Analytical Procedure for Factorial Experiments with Logistic and Gompertz Error Distributions

Abstract

Factorial experiments are widely used in agriculture and allied sciences. In the present study, 2×3^2 factorial experiments have been considered under the assumption that the error follows non-normal distribution. Under the assumption of normality and independence of observations, the normal equations obtained from the maximum likelihood function are linear and solvable. On the other hand, when the data do not follow the normal distribution, the equations obtained of MLE are not linear and so these equations are difficult to handle.

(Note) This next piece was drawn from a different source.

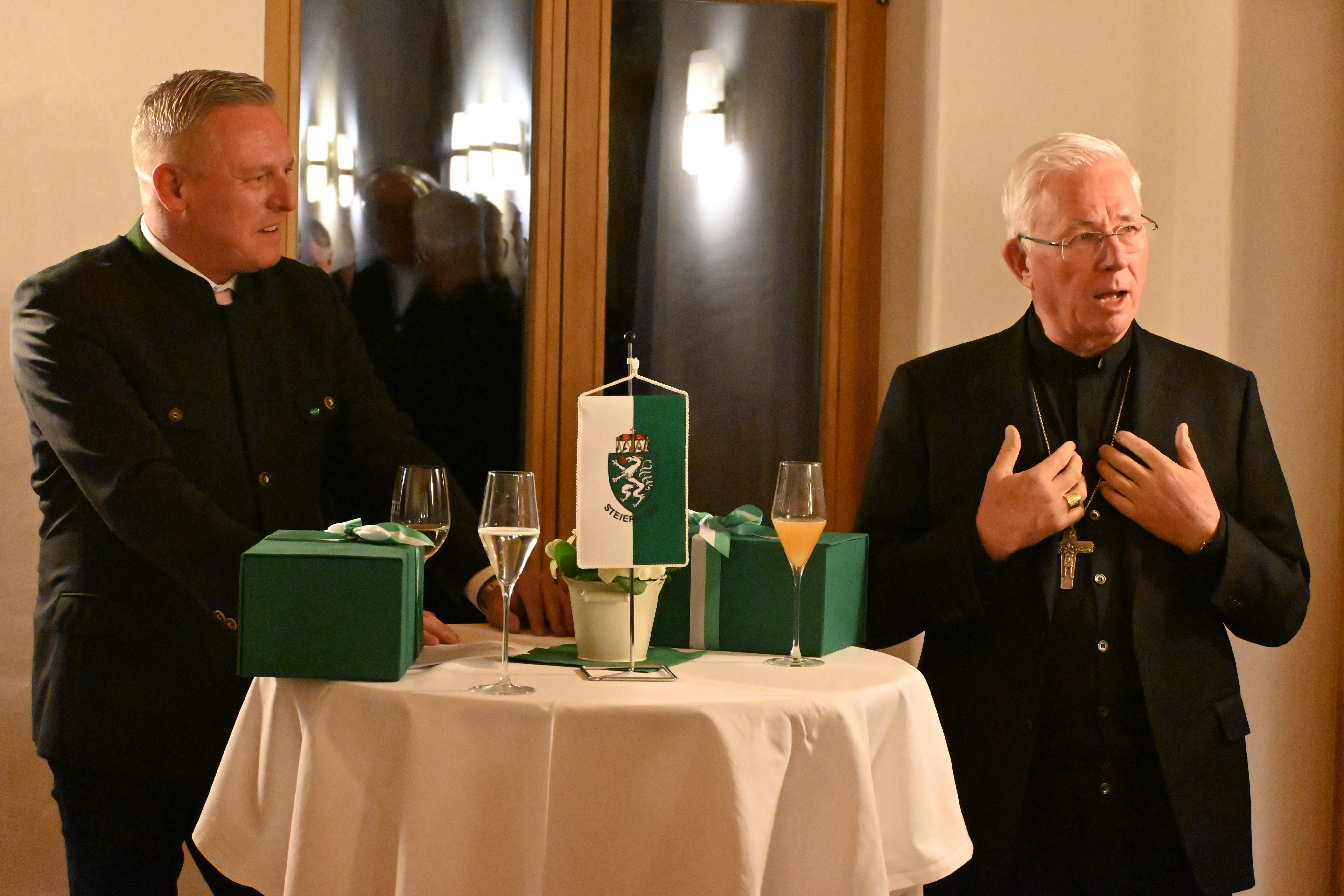 Im Anschluss an den Gottesdienst luden die Spitzen des Landes, Landeshauptmann Mario Kunasek (FPÖ) und seine Stellvertreterin Manuela Khom (ÖVP) zu einem Empfang mit den Mitgliedern der Bischofskonferenz. Anwesend waren zahlreiche Verantwortungsträger der Diözese Graz-Seckau, unter ihnen die steirische Caritas-Direktorin und österreichische Caritas-Präsidentin Nora Tödtling-Musenbichler. Gekommen war auch der evangelische Superintendent Wolfgang Rehner, der von Erzbischof Lackner beim Gottesdienst ausdrücklich begrüßt wurde. Rehner ist auch Vorsitzender des Ökumenischen Forums Steiermark.

The present study focuses on the development of an analytical procedure for the factorial experiments in order to tackle the situations where error term violates normality assumptions. Here, factorial experiments have been considered where error follows non-normal distribution. Two non-normal distributions have been considered from which one is generalized logistic distribution and another is Gompertz distribution. The theory of modified maximum likelihood estimation has been applied and efficient estimators have been developed. New modified maximum likelihood estimates have been developed and the estimates of parameters are obtained for both the situations of non-normality. The developed procedure is applied in the analysis of 2×32 factorial experiments in which error follows the generalized logistic and Gompertz error distributions. Data have been generated for the simulation studies for which error follows generalized logistic distribution. Three data sets have been generated for parameter values (θ =0.5, 1 and 2) in 2×32 factorial set up where the data are positively skewed, symmetric and negatively skewed respectively. In the same way, two data sets have been generated with the parameter values (η =1 and 2) where error follows Gompertz distribution. These data sets are analyzed through developed procedure. SAS codes have been developed for analysis of the data sets generated through 2×32 factorial experiments where error follows logistic and Gompertz distributions. The output for the data sets of all mentioned five parameter values i.e. θ =0.5, 1, 2 and η =1, 2 are given in table 4.4, 4.5, 4.6, 4.10 and 4.11 of Chapter 4 where the sum of squares and F* statistics have been given. The probability P (F*>F0.05) (v1, v18) is calculated empirically for the developed F* statistics. Further, the size of the test is computed with 5000 Monte Carlo runs using re-sampling technique.

This present investigation would help scientists, research scholars and students under NARES dealing with factorial experiments where error follows generalized logistic distribution and Gompertz distribution. For easy accessibility by the users, the SAS codes have been developed which provide a readymade solution.